Amazon’s “Ring" line of products has been getting a lot of bad press lately, so I decided to get to the bottom of the rumors and possibly sensationalized stories and relay my findings to you fine people. Honestly, I found some scary stuff.
First things first, Ring is a company owned by Amazon that produces home security products such as smart lighting, smart doorbells, and indoor cameras. The doorbells and indoor cameras are the products causing all the fuss. These are essentially interactive surveillance cameras that allow you to view real-time video and speak with anyone close to the camera. With a Ring subscription plan, you can store and view recorded video as well.
Over the past year or so, the company has come under fire for a few different reasons:
Last December, The Information published an article accusing Ring of serious vulnerabilities in their security and privacy protocols. Up to and including giving their Ukraine-based R&D team unencrypted access to digital storage that includes a database of American user’s archived videos.
In November of this year, Bitdefender discovered a bug in a Ring doorbell that exposed the home’s wifi credentials (luckily this problem was fixed quickly).
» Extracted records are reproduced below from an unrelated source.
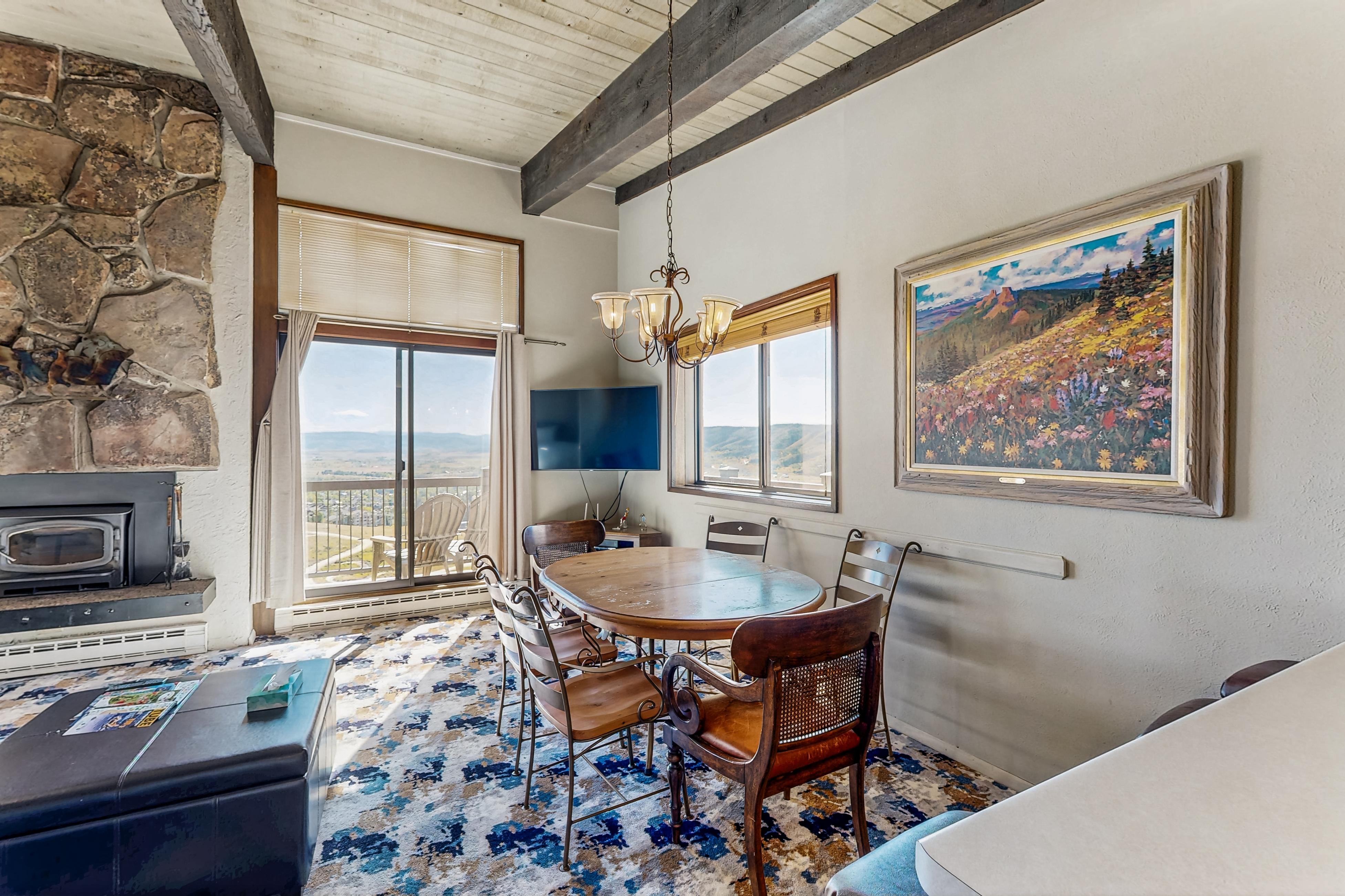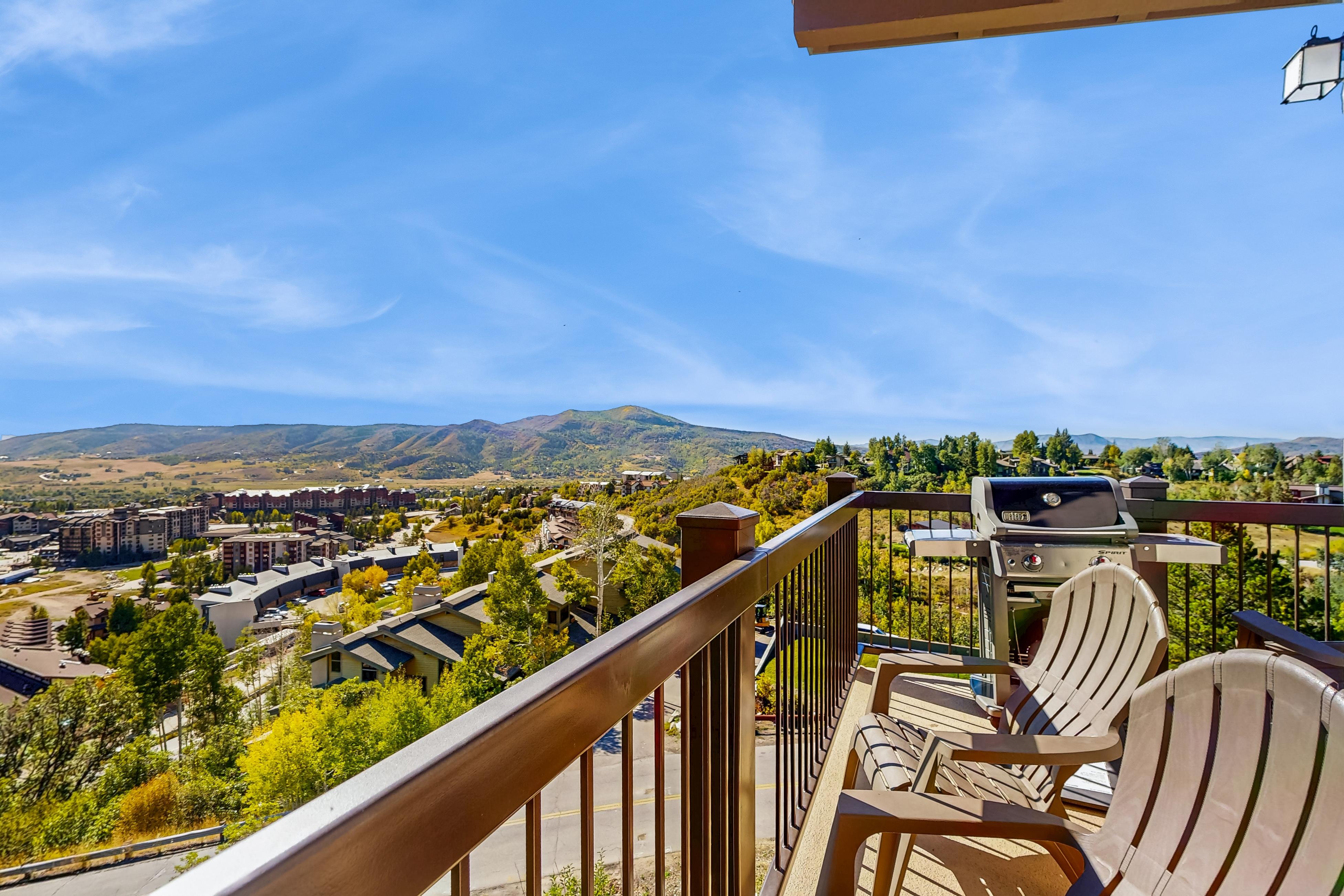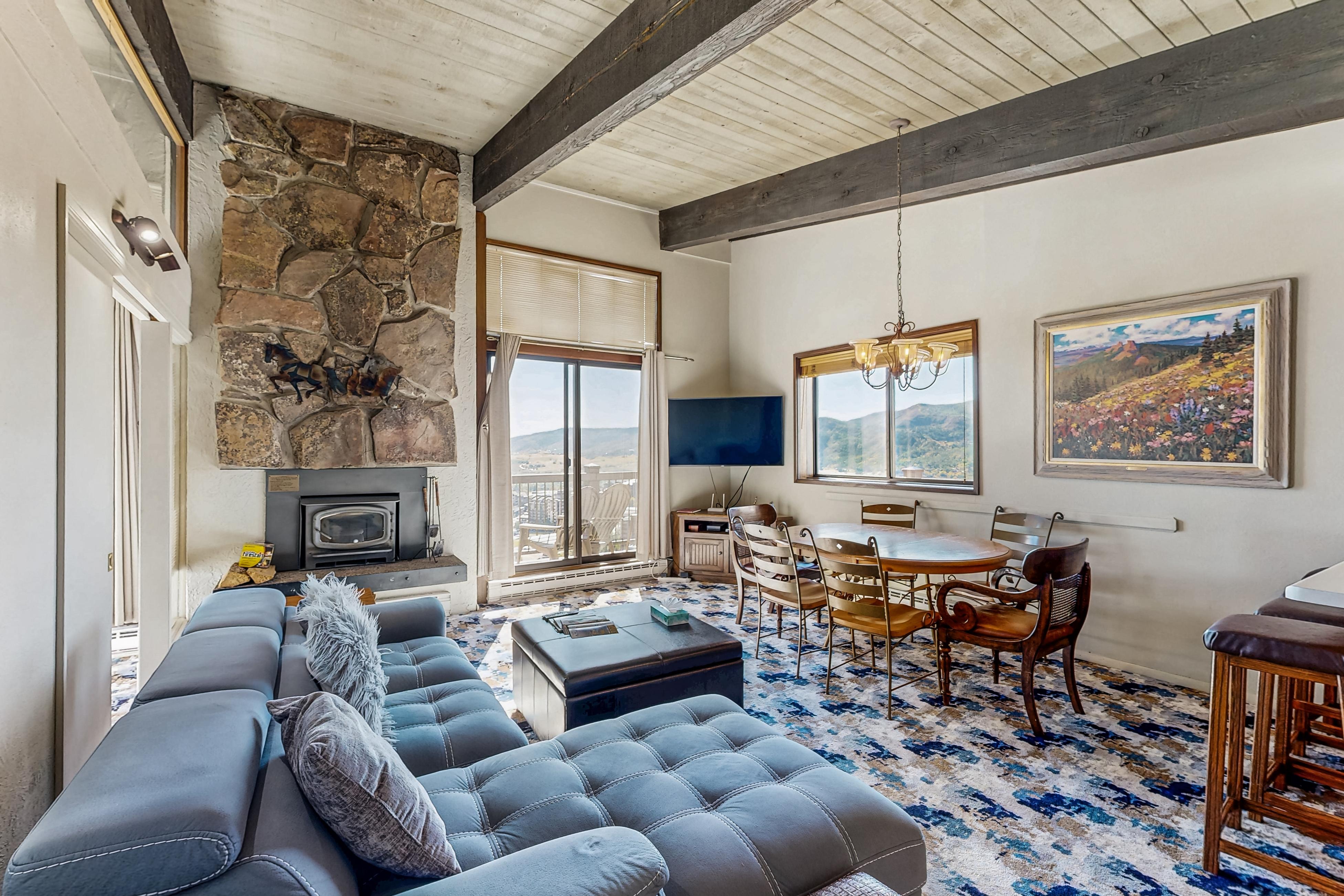 Ski-in/ski-out from this amazing, top-floor corner condo in Storm Meadows Club C. Enjoy unobstructed vast mountain and valley views from the wrap-around deck. Relax in this recently remodeled mountain retreat. Amenities include spacious accommodations with vaulted ceilings, quality furnishings, two 55” QLED Smart TVs, free WiFi, DVD/Blu-Ray player, moss rock wood-burning fireplace, new gas grill, ski storage locker, wrap-around deck with incredible views of the Steamboat Ski Resort and entire valley floor, elevator, and laundry room on site. Unwind in the hot tub or outdoor heated pool while taking in a magical valley view. Private shuttle access, a large assortment of restaurants, and après-ski meeting places are close by. You have the best ingredients for a perfect vacation in Steamboat Springs Colorado right here.
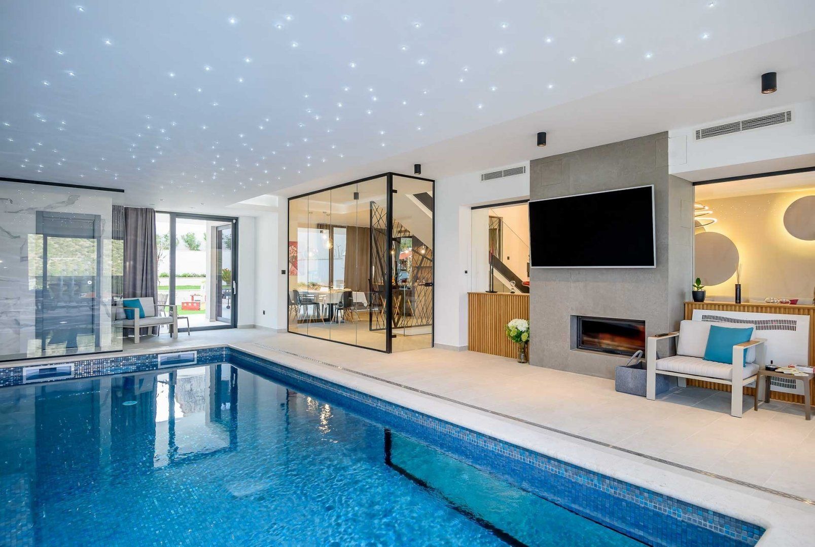 It's luxurious to the max, with striking interiors, superb outdoor space and views to die for. Set over three floors, there's all the living space you could need, with the comfy sofa area divided from the dining and kitchen by the sleek, glass staircase that runs through the centre of the house. And just through some glass doors in the living room, you'll find your indoor pool – making for a practical and unique place to swim at any time of the day or night (or year, for that matter). The basement level is home to a really well-equipped gym and a relaxing sauna, and there's even a games room with a pool table, darts, table football and a PS4. And for smaller children, the garden has a play area and flat lawns to run about on.
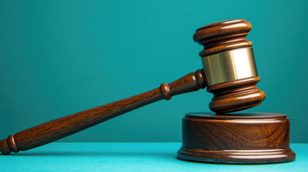 A judge's wooden gavel resting against a turquoise background, symbolizing justice and law with a modern touch.
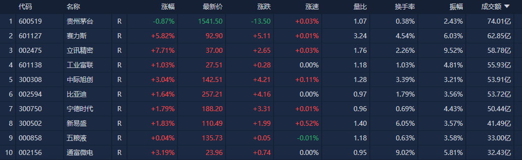 个股方面,贵州茅台成交额74.01亿元居首,赛力斯、立讯精密、工业富联成交额靠前。

Also this November, Massachusetts Senator Ed Markey sent out a press release revealing that, after an investigation, he had found “little to no privacy policies or civil rights protections for video collected by the technology.” Basically, law enforcement can obtain video from your Ring without a warrant (or even asking you for the video), share it with 3rd parties, and keep it forever. Furthermore, if this article by Motherboard is to be believed, Ring also offers some pretty handsome perks for a police department to partner with the company. Everything from free and discounted devices to maps of every active Ring doorbell camera in the city (talk about Big Brother).
Most recently (and most shockingly) are the reports of hackers taking over Ring cameras in people’s homes, even speaking to the residents through them by use of the two-way communication feature of the devices. In some instances, the hackers were spouting racist remarks (the obvious go-to for most terrible people), some were watching children in their bedrooms and trying to scare them, and some demand ransom money to leave their victims alone.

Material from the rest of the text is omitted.